◆ Dataset extract
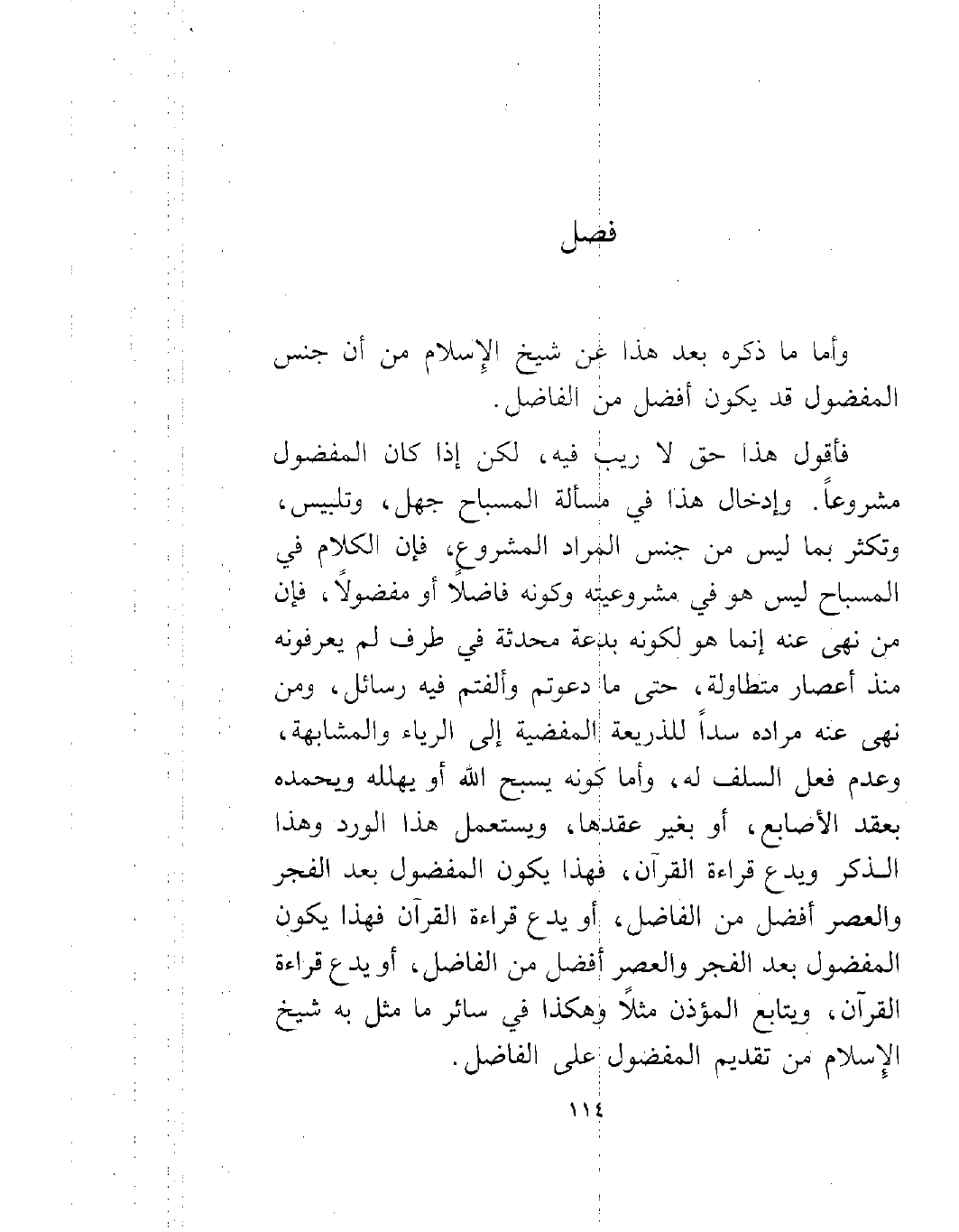 فأقول: هذا حق لا ريب فيه، لكن إذا كان المفضول مشروعاً وإدخال هذا في مسألة المسباح جهل، وتلبيس، وتكثر بما ليس هو في مشروعيته وكونه فاضلاً أو مفضولاً، فإن من نهى عنه إنما هو لكونه بدعة محدثة في طرف لم يعرفونه منذ أعصار متطاولة، حتى ما دعوتم وألفتم في رسائل، ومن نهى عن مراده سداً للذريعة المفضية إلى الرياء والمشابهة، وعدم فعل السلف له، وأما كونه يسبح الله أو يهلله ويحمده بعقد الأصابع، أو بغير عقدها، ويستعمل هذا الورد وهذا الذكر ويدع قراءة القرآن فهذا يكون المفضول بعد الفجر والعصر أفضل من الفاضل، أو يدع قراءة القرآن، ويتابع المؤذن مثلاً وهكذا في سائر ما مثل به شيخ الإسلام من تقديم المفضول على الفاضل.
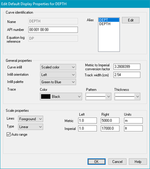 OK to return to the Properties: Log Definitions tab. - Click Close to return to the main synthetic display. The changes you made are applied to future synthetics providing a different setting doesn't exist in the import defaults file for that synthetic.
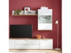 Vitrine Large Design Collection DARWIN. Couleur épicéa Et Noir. 2 Portes, 3 Tiroirs, 3 Niches
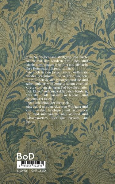 Das Schwalbenpaar Wolfgang und Grete kehrte mit den Kindern Tim, Tom, und Marie nach langem Rückflug aus Afrika in ihre Heimatstadt Bassum zurück.Wie auch in den Jahren zuvor, wollen sie wieder bei Annette und Wilfried wohnen. Hier fühlten sie sich geborgen und sie sind sehr dankbar, weil Annette schon zweimal Grete vor dem sicheren Tod bewahrt hatte.Der kluge Wolfgang erklärt den Kindern, was die Stadt Bassum so lebens- und liebenswert macht.Das Buch beinhaltet dreierlei:eine Fabel mit den Akteuren Wolfgang und Grete, wahre Erlebnisse mit Schwalben von und mit Annette und Wilfried und Wissenswertes über das Bassum von heute.
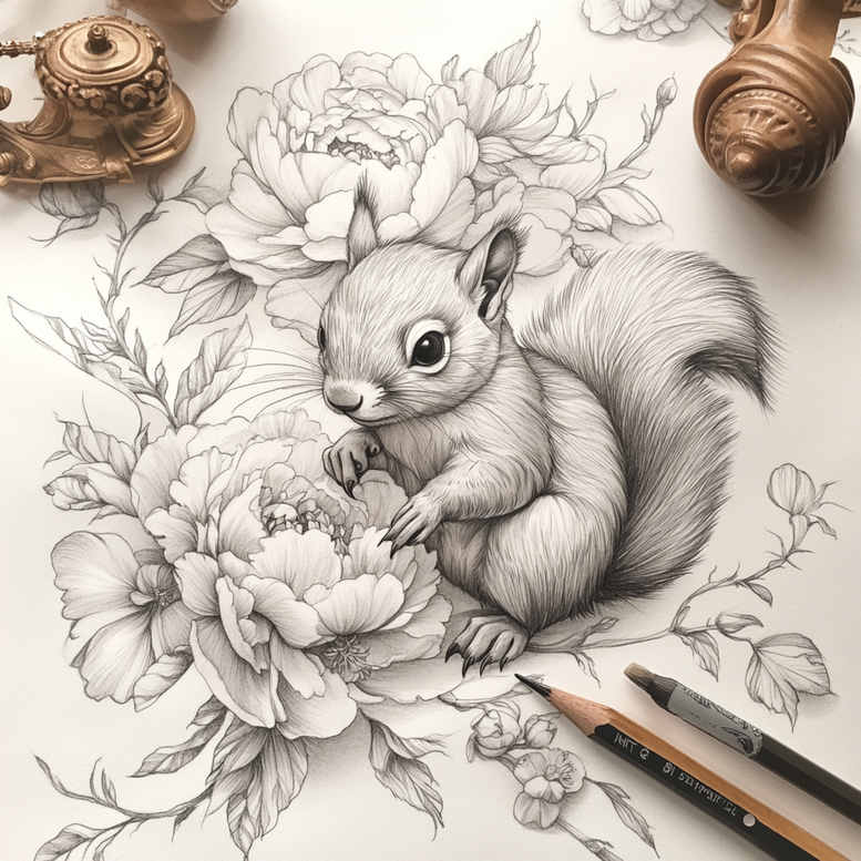 This is an AI-generated tattoo project rendered as a black-and-grey pencil study of a squirrel perched among peony blossoms. The composition fuses lifelike fur with the intricate layers of petals to create a pattern-rich scene that can function as a standalone tattoo or as a cohesive element for a sleeve or back piece. The technique mimics graphite drawing: fine lines define the squirrel’s whiskers and fur direction, while gradual tonal shifts and cross-hatching build depth in the petals and leaves. Subtle stippling adds texture in shaded areas, giving a believable, tactile feel that translates well to skin as a tattoo design. The squirrel’s bright eye and poised pose provide a focal point that suggests curiosity and resilience, while the peonies symbolize beauty, prosperity, and renewal; together they form a meaningful tattoo design for nature lovers and symbol enthusiasts alike. From a stylistic standpoint, the piece sits firmly in the black and grey spectrum with a realistic approach that emphasizes texture over color. The floral motif creates a pattern-like rhythm, offering versatility for wrapping around a limb or curving along the shoulder; it works well as a fine-line piece or as a larger design, and it can be adapted to accents in a Japanese-inspired or botanical sleeve. As an AI-generated concept, this project is intended for concept exploration and client brainstorming, with the understanding that final tattooing should be refined by a licensed artist to optimize linework, shading, and skin tone compatibility. In terms of SEO, this design aligns with tattoo design keywords such as tattoo, tattoo design, meaningful tattoos, fine line tattoo, lotus flower tattoo, infinity tattoo, tribal tattoo, rose tattoo design, small tattoos, flower tattoos, custom tattoo design, Japanese style tattoo, black and grey, realistic tattoo, body art, and ink, reinforcing its potential as a striking, versatile piece that balances whimsy and elegance while remaining suitable for various body placements.

◆ Problem details
Copy out all the data exactly. The images should not appear in the copy.

◆ Written reply
 فأقول: هذا حق لا ريب فيه، لكن إذا كان المفضول مشروعاً وإدخال هذا في مسألة المسباح جهل، وتلبيس، وتكثر بما ليس هو في مشروعيته وكونه فاضلاً أو مفضولاً، فإن من نهى عنه إنما هو لكونه بدعة محدثة في طرف لم يعرفونه منذ أعصار متطاولة، حتى ما دعوتم وألفتم في رسائل، ومن نهى عن مراده سداً للذريعة المفضية إلى الرياء والمشابهة، وعدم فعل السلف له، وأما كونه يسبح الله أو يهلله ويحمده بعقد الأصابع، أو بغير عقدها، ويستعمل هذا الورد وهذا الذكر ويدع قراءة القرآن فهذا يكون المفضول بعد الفجر والعصر أفضل من الفاضل، أو يدع قراءة القرآن، ويتابع المؤذن مثلاً وهكذا في سائر ما مثل به شيخ الإسلام من تقديم المفضول على الفاضل.
 OK to return to the Properties: Log Definitions tab. - Click Close to return to the main synthetic display. The changes you made are applied to future synthetics providing a different setting doesn't exist in the import defaults file for that synthetic.
 Vitrine Large Design Collection DARWIN. Couleur épicéa Et Noir. 2 Portes, 3 Tiroirs, 3 Niches
 Das Schwalbenpaar Wolfgang und Grete kehrte mit den Kindern Tim, Tom, und Marie nach langem Rückflug aus Afrika in ihre Heimatstadt Bassum zurück.Wie auch in den Jahren zuvor, wollen sie wieder bei Annette und Wilfried wohnen. Hier fühlten sie sich geborgen und sie sind sehr dankbar, weil Annette schon zweimal Grete vor dem sicheren Tod bewahrt hatte.Der kluge Wolfgang erklärt den Kindern, was die Stadt Bassum so lebens- und liebenswert macht.Das Buch beinhaltet dreierlei:eine Fabel mit den Akteuren Wolfgang und Grete, wahre Erlebnisse mit Schwalben von und mit Annette und Wilfried und Wissenswertes über das Bassum von heute.
 This is an AI-generated tattoo project rendered as a black-and-grey pencil study of a squirrel perched among peony blossoms. The composition fuses lifelike fur with the intricate layers of petals to create a pattern-rich scene that can function as a standalone tattoo or as a cohesive element for a sleeve or back piece. The technique mimics graphite drawing: fine lines define the squirrel’s whiskers and fur direction, while gradual tonal shifts and cross-hatching build depth in the petals and leaves. Subtle stippling adds texture in shaded areas, giving a believable, tactile feel that translates well to skin as a tattoo design. The squirrel’s bright eye and poised pose provide a focal point that suggests curiosity and resilience, while the peonies symbolize beauty, prosperity, and renewal; together they form a meaningful tattoo design for nature lovers and symbol enthusiasts alike. From a stylistic standpoint, the piece sits firmly in the black and grey spectrum with a realistic approach that emphasizes texture over color. The floral motif creates a pattern-like rhythm, offering versatility for wrapping around a limb or curving along the shoulder; it works well as a fine-line piece or as a larger design, and it can be adapted to accents in a Japanese-inspired or botanical sleeve. As an AI-generated concept, this project is intended for concept exploration and client brainstorming, with the understanding that final tattooing should be refined by a licensed artist to optimize linework, shading, and skin tone compatibility. In terms of SEO, this design aligns with tattoo design keywords such as tattoo, tattoo design, meaningful tattoos, fine line tattoo, lotus flower tattoo, infinity tattoo, tribal tattoo, rose tattoo design, small tattoos, flower tattoos, custom tattoo design, Japanese style tattoo, black and grey, realistic tattoo, body art, and ink, reinforcing its potential as a striking, versatile piece that balances whimsy and elegance while remaining suitable for various body placements.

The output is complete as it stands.